The Ugly: Test positivity rose again last week to 15.9%, according to Johns Hopkins. That's seventh-worst in the nation, ahead of only Mississippi, South Dakota, Idaho, Wisconsin, Iowa and Missouri. Remember, when test positivity is above 5%, there's a good chance you're missing a lot of COVID-19 cases. Which of course makes tracing and isolating cases impossible and creates a "silent spread."

Bonus: This week's bonus comes from the blog (self-promotional, I know). It's a satirical homage to the idea that it's not the government's place to enact any COVID-19 restrictions. 


We should have no COVID-19 restrictions... or traffic restrictions

Author's note: This is satire. I don't actually believe any of this. I'd like to think that I don't truly have to explain that, but... that's kind of where we are now.

I’ve been listening to people who are against any government restrictions related to COVID-19 for several months now and, I gotta say, they’re starting to make a lot of sense. In fact, based on their arguments, I’ve come to an important conclusion: we must immediately repeal all traffic laws.

It’s become clear to me that these “rules of the road” are really just another example of egregious, nanny-state government overreach. By tolerating them, we as citizens have just moved, like willing sheep, one step closer to welcoming tyranny.


We must protect our right to drive the way we want to drive. The government should get out of the way and let everyone choose their own level of risk. If you want to stop at every red light or stop sign, fine. But I refuse to live in fear.


For years now we’ve been warned about the dangers of reckless driving. But did you know that only about 40,000 people in the U.S. die in traffic accidents every year? That’s about the same as the flu, and we don’t make people follow a bunch of rules just to prevent the flu.


Besides, the car wreck death count is obviously overinflated. How many of those people had other medical conditions, like obesity, at the time of the crash? A lot of them were probably going to die anyway. I bet doctors are just writing “car accident” on death certificates so they can get kickbacks from trial lawyers who are looking for big paydays suing auto insurance companies. My friend’s co-worker’s uncle knows a nurse who said she saw that happen once.


Most car wrecks aren’t even serious. I bet you didn’t know that, because the fear mongers in the media never show you the thousands of wrecks that are just harmless fender-benders. They concentrate only on the few here and there that end in violent dismemberment and death. So cynical.


Now the “morality police” (and also the actual police) keep telling me I have to wear a seatbelt. I can hardly get in a car with other people without them telling me to put it on. One time I even got pulled over by a cop who warned me that the next time I drove without a seatbelt I might get a ticket. I mean, is this America, or Soviet Russia?

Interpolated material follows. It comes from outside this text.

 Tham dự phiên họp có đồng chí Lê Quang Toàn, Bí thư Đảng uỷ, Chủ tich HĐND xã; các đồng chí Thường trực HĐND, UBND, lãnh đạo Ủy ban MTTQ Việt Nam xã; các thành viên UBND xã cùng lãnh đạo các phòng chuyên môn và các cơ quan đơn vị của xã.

I don’t believe in seatbelts anyway. Sure, a bunch of “experts” say they have “studies” that show they save lives. But where were all those experts in the 1950s? We had cars then, but no seatbelts. And some people who wear seatbelts now still die in car crashes. Really makes you think. Whenever I try to wear a seatbelt it feels like I can't breathe. That's probably the real danger: getting strangled by your seatbelt.

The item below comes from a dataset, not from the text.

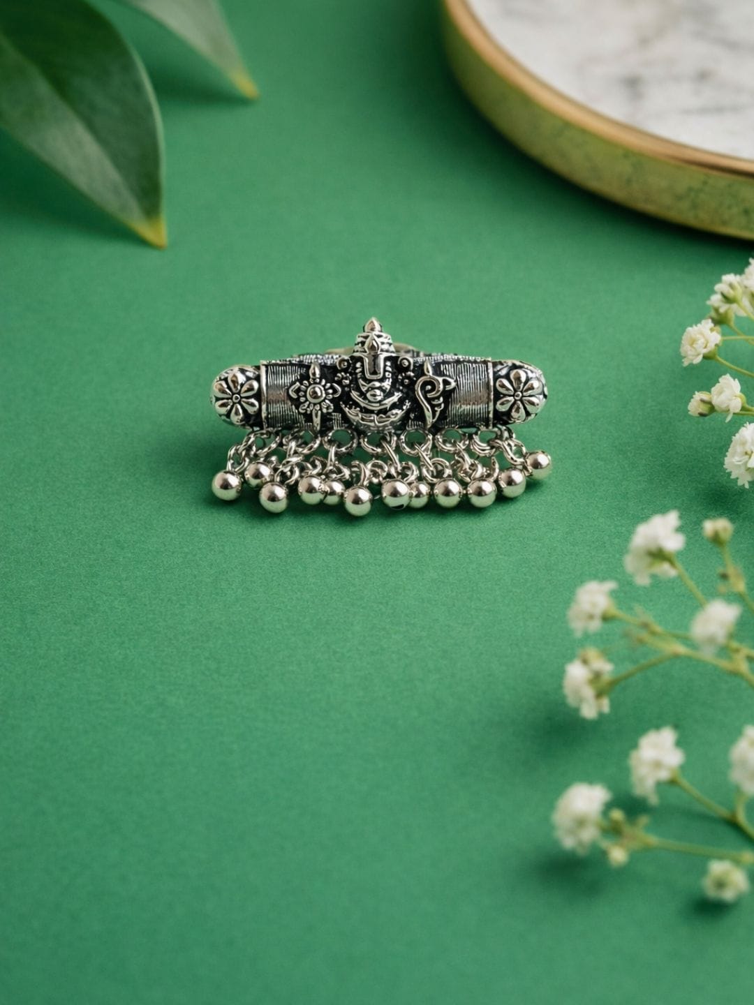This oxidized temple ring features intricate detailing inspired by heritage motifs, finished with delicate ghungroo charms that create a graceful, festive look.

And what’s with all these capacity laws? How is the government going to tell me that I can’t put 11 people in my subcompact car, when there are vans and buses all over the road carrying way more people? How is one safe, but not the other?


Anyway, I’m done listening to the government or blindly trusting the “experts.” If cars had some kind of potentially debilitating condition that they could spread to other cars just by getting close to them, then maybe we would actually need traffic laws. But right now, I just don’t see it.